Depending on who you ask, the account team “just passes things along’ or is considered to have it easier than everyone else doing the actual making. If that’s the reputation of account managers, then what about the account coordinators? Their role is even harder to pin down, usually somewhere between the vague category under support and being the messenger.
I used to accept that at face value, but now I’m not so sure I can.
Finding My Way to Account Management
Before working at Stoltz, I wasn’t aware that account management was even a thing, let alone an entire career path. I got my degree in graphic design from Boise State. My first job out of college was as a graphic designer at a convenience store distributor. We had a specialized marketing program tailored specifically for vendors (think Hershey’s, Mondelez) to advertise their products to independent gas station owners — anywhere from promotional books, trailer graphics, and targeted email campaigns. Since the marketing department was small, I had to wear multiple hats, often stepping outside of design: building relationships, coordinating with vendors on the products they wanted to advertise, ensuring buyers had what they needed to set up products in the system, and managing timelines to keep everything on schedule.
It was in this role that I realized I enjoyed the coordination and preparation behind the work more than doing the actual design itself. In my second gig, working as a marketing coordinator at an auto dealership, I collaborated with an account manager from a local advertising agency. It was there that I was first introduced to account management — an experience that ultimately sparked my interest in pursuing this line of work.
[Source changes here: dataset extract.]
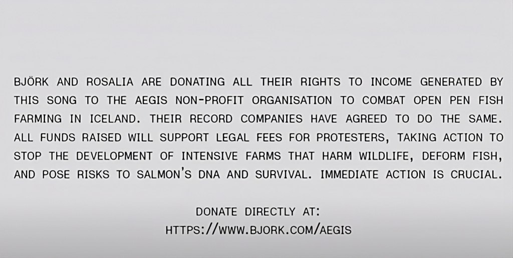 Björk e ROSALÍA doneranno infatti tutti i proventi generati da questo brano all’organizzazione no-profit AEGIS per combattere l’allevamento a rete aperta in Islanda. Le case discografiche a loro associate, ispirate da questa scelta, hanno accettato di fare lo stesso. Tutti i fondi serviranno a sostenere le spese legali dei manifestanti e ad agire per fermare lo sviluppo di queste attività intensive che danneggiano la fauna selvatica.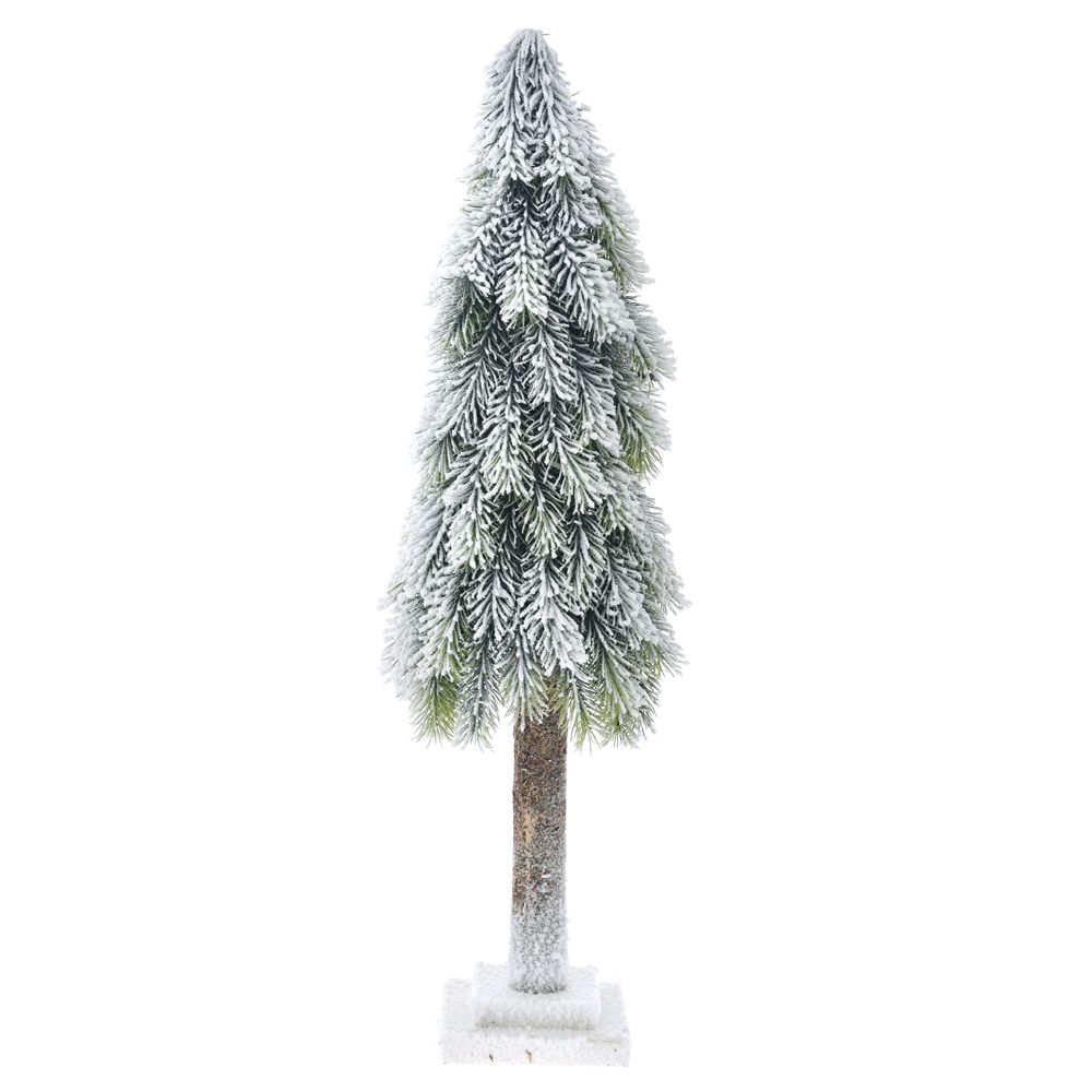 شجرة ثلجية على قاعدة خشبية. الشجرة المثالية لمن لا يريدون تخصيص مساحة كبيرة للشجرة ، أو بالعكس يريدون أن يكون لديهم شجرة في كل غرفة! يمكنك وضعه على الأرض أو على قطعة أثاث. إنها ذات جودة ممتازة مع جذع خشبي واقعي.

Defining My Approach: “Nancy Drewing”
Now working at Stoltz as a marketing coordinator for nearly two years, I have never felt more fulfilled doing agency work — especially in account management. Part of what I love about being at Stoltz is the opportunity to fully embrace my working style, which I’ve coined “Nancy Drewing.” If you ask my manager, Bond, to define it, he would most likely say something along the lines of how its ethos is tailored around due diligence, where it involves rounding up the right context and institutional knowledge needed to complete the task at hand.
However, if I were to be asked directly to define my approach, I would provide the following chaotic definition, in classic Selina fashion (co-workers can confirm and most likely are the only ones who understand my thought process, well to an extent.)
- Investigate, organize, problem-solve, and execute tasks with diligence and quiet ferocity.
- Connect the dots and fill in the gaps where needed — essentially confronting chaos, Kill-Bill style.
- Manage projects and/or collaborate with people with the diplomacy of a saint and the versatility of a white T-shirt. (i.e stay focused, adaptable, ready for anything)
Mapping the Work in Realtime
Anyways, back to the main story, the more time I have spent in this role and working closely alongside account managers, the more I have come to recognize the undeniable layer of work happening behind the scenes. This line of work requires part intuition, part translation, and part execution that doesn’t always get named but definitely shapes how projects succeed or don’t.
I was recently given the opportunity to account manage Creators for Change, our pro bono program that provides about $25K worth of marketing and creative services to an Idaho-based nonprofit. This series is going to be my way of mapping out the complexities of the art of account management in real time.
You can even call it the Nancy Drew approach to account management: observing patterns, asking probably too many questions, and trying to understand what’s actually going on behind the scenes.